Meeting of the Parliament 15 December 2015
We all know that there are significant challenges to delivering healthcare, given the demographic trends that present us with an ever ageing and increasingly frail population. We celebrate our longer life expectancy, but we must show determination to boost poor statistics on healthy life expectancy, as members have mentioned.
We know that, as they grow older and frailer, the vast majority of older people wish to stay in their homes, with support as required, for as long as possible. It is true that, as part of the process, we want to see a shift from spend on the acute sector to spend on primary and community care.
Strangely, I commend what on first glance looks like an entrenchment of spending in the acute sector. I refer to the £200 million investment to enhance capacity at the Golden Jubilee hospital in Clydebank and the creation of six elective surgical hubs across the country. As we have an increasingly ageing and frail population, cataract surgery, knee replacements and hip replacements become increasingly important to sustain older people in their homes for longer. If we do not take the strategic decision now to increase capacity, whoever the Government is in five or 10 years’ time will be told that planning just was not in place five or 10 years ago. That spending decision has been taken now. Fundamentally, it is connected to ensuring that we can sustain people in community social care for longer. I wanted to put that on the record.
We need to do better on the interaction between health and social care integration and acute sector spend. I note that only two of the integration joint boards—Dumfries and Galloway, and Argyll and Bute—have acute sector spending as part of their combined budget. Other integration joint boards are missing a trick. After all, they will be looking at rehabilitation and enablement services for older people in communities. They will be looking at prevention of slips, trips and falls at home. In the acute sector, whether it is emergency treatment through the door of A and E or early intervention and preventative surgical interventions through the new acute hubs, there has to be a better integration of funding. I do not think that we have the balance right, although I accept that that is a decision for the integration joint boards.
I welcome the real progress that has been made in Glasgow in relation to the integration of health and social care. Sandra White gave us the specific example of care homes qualifying to provide free personal care for the elderly, and I recognise the issue that she raises. On delayed discharge, Glasgow has done well in recent months. David Williams, who gave evidence to the Health and Sport Committee this morning, talked about that. He is the chief officer designate for the shadow integration board in Glasgow and the head of social work at Glasgow City Council. That shows that, when there is a real focus, drive and determination on an integrated basis within the city, we can get it right. Indeed, the targets in Glasgow are being exceeded in some cases.
We need health and social care integration to similarly improve community health and social care, alleviate pressures on GPs and see the development of integrated health and social care teams that are attentive to the needs of the community and are shaped in a way that is meaningful to the integration joint boards via locality planning.

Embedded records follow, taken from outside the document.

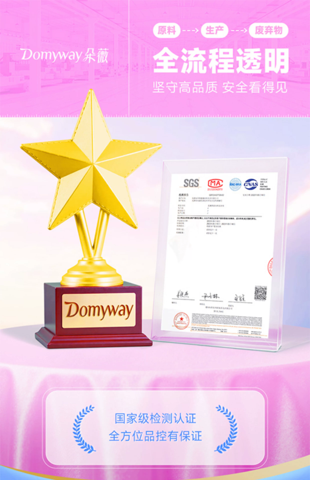 其次是全面公開透明的產品安全生產與權威認證背書。朵薇對外宣傳表明,其在從原料到生產到廢棄物等環(huán)節(jié)打造“全透明工廠”,產品包裝附帶的溯源二維碼,支持消費者隨時溯源、監(jiān)督與反饋產品問題,并同步展示其產品已獲得的醫(yī)護級產品17項指標系列權威認證、CMA(致敏相關)專業(yè)認證等,進一步提高用戶好感度與信任感。從當前的市場銷售數(shù)據(jù)來看,朵薇無疑取得了初步成功。
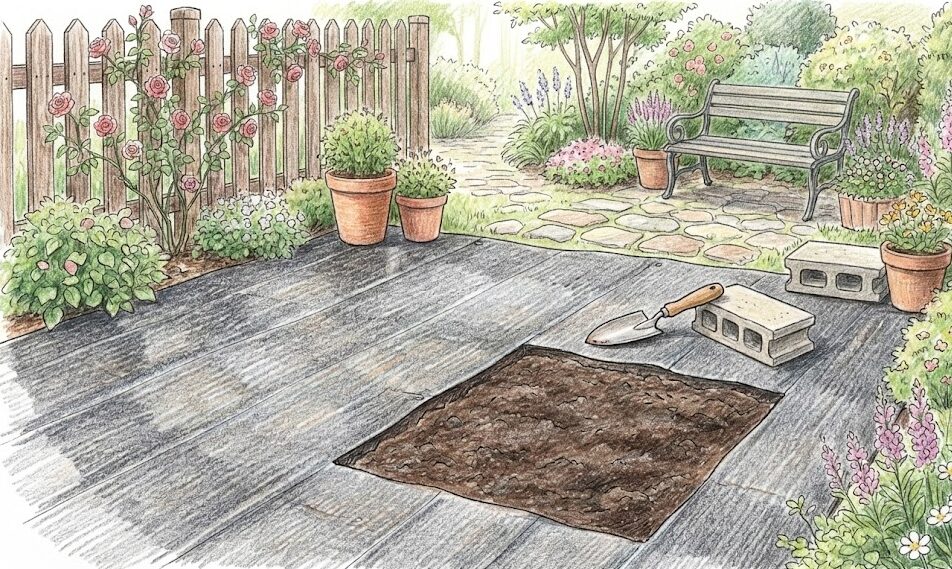 まず「土間コンクリート」ですが、これは業者に依頼する必要があり、ポンプ車やミキサー車を手配するため、どうしても高額になります。また、一度固めてしまうと、「やっぱり花壇を作りたい」と思った時にコンクリートを壊す(ハツリ工事)のが非常に大変で、産業廃棄物の処分費もかかります。夏場の照り返しがキツく、庭の温度が上がってしまうのもデメリットですね。
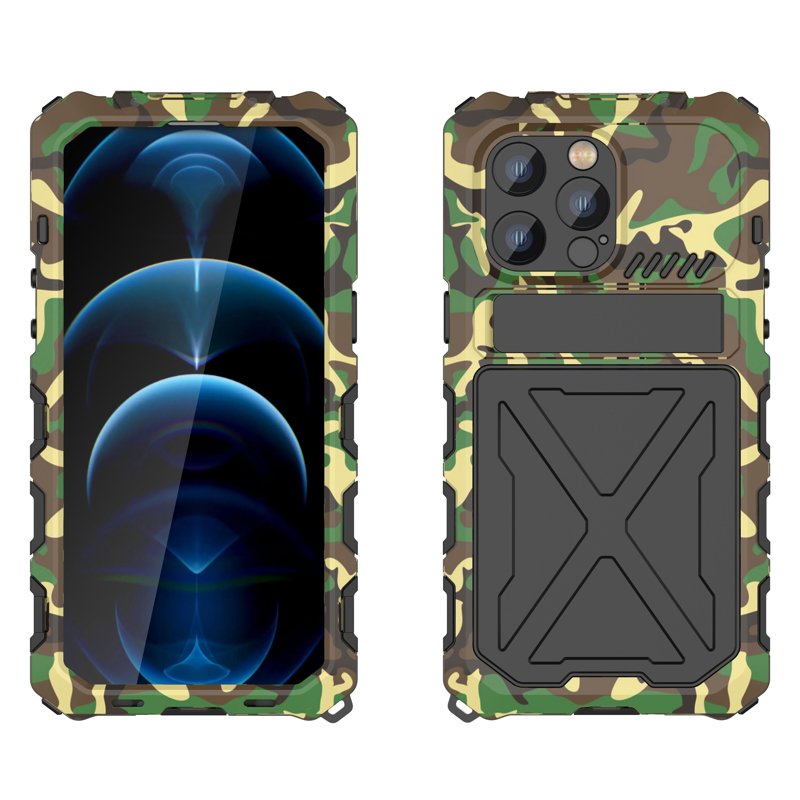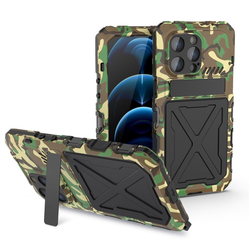R-JUST iPhone 14 Pro Max Skal, Silikon + Metall, Kamouflage
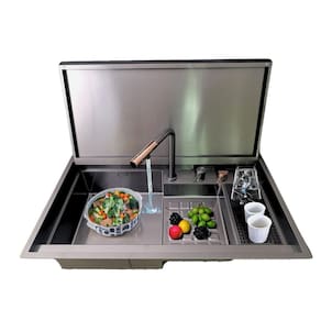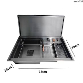 Cuba cozinha gourmet aço inox 304 preta moderna com tampa Esta cuba gourmet de cozinha em aço inox 304 é o ápice da modernidade e funcionalidade, projetada para quem valoriza praticidade e sofisticação. Com sistema automatizado e lavador de copos integrado, possui uma torneira moderna com três tipos de jato, adaptando-se a diferentes necessidades de uso. Para apresentar a mesma, salientam-se os seguintes pontos: Material de qualidade: Cuba produzida em aço inoxidável 304 de alta qualidade, com acabamento em pintura eletrostática com nanotecnologia, resulta em um produto antiferrugem, antirrisco e resistente ao desgaste. Tampa funcional: A cuba possui uma tampa que pode ser fechada após a utilização. Basta pressionar a torneira para baixo e pronto agora é só abaixar a tampa da cuba, que conta com amortecedor soft close, e sua cozinha recebe um ar clean de muita modernidade, ajudando a manter a sua cozinha organizada a qualquer hora do dia. Super torneira: Elegante torneira gourmet extensível em aço inox 304, retrátil e com 3 modos de pulverização. Mais facilidade na limpeza e na higienização de alimentos, além de praticidade na organização da pia. Acionamento do ralo: O sistema de acionamento do ralo permite que você drene facilmente a água, apenas ativando um botão e mantendo as mãos secas. Torneira filtro: Acompanha uma segunda torneira para água filtrada. O filtro de carvão ativado pode ser instalado facilmente, mas deve ser comprado separadamente. Especificações: Medidas externas: 78 x 50 x 23 cmmedidas internas: 74 x 43 x 22 cmmaterial: aço inoxidável 304acabamento: pintura eletrostática preta com nanotecnologiaespessura: 3 mmaplicação: embutir ou sobreporfuração da torneira: embutidafuração do dosador: 2,8 cmfuração do lavador de copos: 2,8 cmfuração da válvula: 4 1/2válvula escape/ladrão: simcapacidade do dispenser de detergente: 500 mlindicação: cozinha, churrasqueiracompatível com triturador: simantirruído: simacessórios inclusos: simimportante: Marca: Não Informado Ean: 7891243570213

GPs are central to that process. I am delighted to see that QOF is going—that is a significant achievement—but what will replace it? The negotiations that are taking place in the vacuum that is left are just as important as the fact that QOF is going, and the new GP contract is a real opportunity to direct funding where it is most needed. Will it allow us to focus on tackling health inequalities, particularly in our most deprived communities? Will the integration joint boards be able—preferably in a co-production model with GPs at the most local level—to shape a more localised model of GP provision and how that interacts with the wider health and social care integration within communities?
Whether it is community pharmacists, physiotherapists, speech and language therapists, care-at-home staff, occupational therapists, nurse specialists or whoever, they will have to be part of a combined health and social care team, and GPs will have to have confidence in those teams irrespective of whether they are employed by GPs, health centres, the integration joint boards or whoever. If they do not have confidence in those teams, GPs will continue to refer directly to the acute sector, and that is part of the issue. We want GPs to have more tools in the box and to be able to refer to community disposals for health and social care needs.
People say that not enough is going on, but there is a huge amount going on, and there are a huge number of successes. I have not dwelt on the successes in my speech because the Opposition would have called that being complacent. Nevertheless, significant structural change is taking place and the benefits are starting to emerge. I am glad that there has been a significant degree of consensus in the debate, and I hope that that continues going forward.